● **Work item**: In the listing that follows, find the line with "商品名称:【夏日轻龄衣橱】新", then copy exactly from it through the line with "Жанна, парикмахерская по", leaving out every picture.

● **Information given**:
========================================================================
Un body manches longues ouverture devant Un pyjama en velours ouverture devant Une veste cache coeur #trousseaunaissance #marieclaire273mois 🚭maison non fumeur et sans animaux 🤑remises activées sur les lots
========================================================================
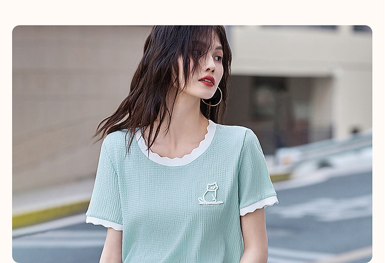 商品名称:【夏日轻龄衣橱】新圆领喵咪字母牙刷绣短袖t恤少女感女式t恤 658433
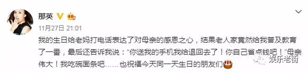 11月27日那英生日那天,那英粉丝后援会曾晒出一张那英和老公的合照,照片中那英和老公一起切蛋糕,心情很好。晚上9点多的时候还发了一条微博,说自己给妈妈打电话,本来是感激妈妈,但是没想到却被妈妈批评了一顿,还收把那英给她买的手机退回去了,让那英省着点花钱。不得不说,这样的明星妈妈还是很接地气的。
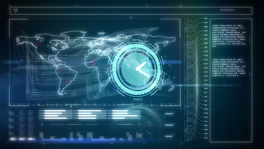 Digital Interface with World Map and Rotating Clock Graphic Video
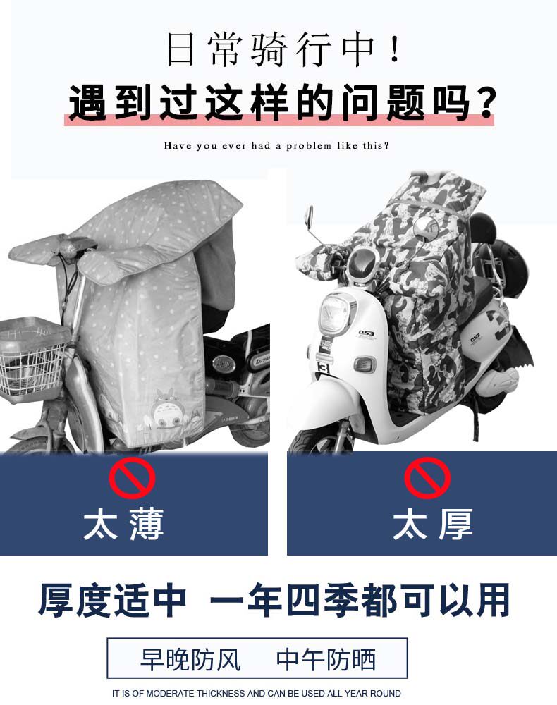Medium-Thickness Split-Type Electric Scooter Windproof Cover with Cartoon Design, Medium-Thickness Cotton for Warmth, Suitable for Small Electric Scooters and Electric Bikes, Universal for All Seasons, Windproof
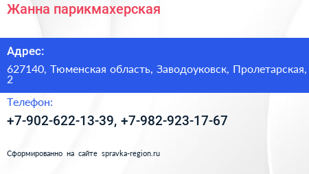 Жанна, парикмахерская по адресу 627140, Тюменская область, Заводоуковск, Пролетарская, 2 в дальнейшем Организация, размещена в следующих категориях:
========================================================================
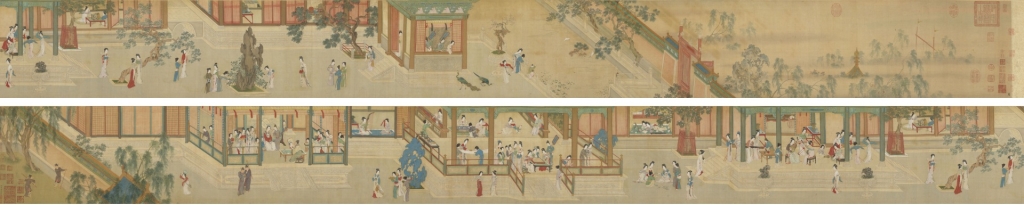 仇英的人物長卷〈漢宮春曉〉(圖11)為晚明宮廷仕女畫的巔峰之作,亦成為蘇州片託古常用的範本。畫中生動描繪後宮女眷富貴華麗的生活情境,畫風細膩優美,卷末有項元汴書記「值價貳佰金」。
========================================================================
● **Problem solution**:
 商品名称:【夏日轻龄衣橱】新圆领喵咪字母牙刷绣短袖t恤少女感女式t恤 658433
 11月27日那英生日那天,那英粉丝后援会曾晒出一张那英和老公的合照,照片中那英和老公一起切蛋糕,心情很好。晚上9点多的时候还发了一条微博,说自己给妈妈打电话,本来是感激妈妈,但是没想到却被妈妈批评了一顿,还收把那英给她买的手机退回去了,让那英省着点花钱。不得不说,这样的明星妈妈还是很接地气的。
 Digital Interface with World Map and Rotating Clock Graphic Video
Medium-Thickness Split-Type Electric Scooter Windproof Cover with Cartoon Design, Medium-Thickness Cotton for Warmth, Suitable for Small Electric Scooters and Electric Bikes, Universal for All Seasons, Windproof
 Жанна, парикмахерская по адресу 627140, Тюменская область, Заводоуковск, Пролетарская, 2 в дальнейшем Организация, размещена в следующих категориях:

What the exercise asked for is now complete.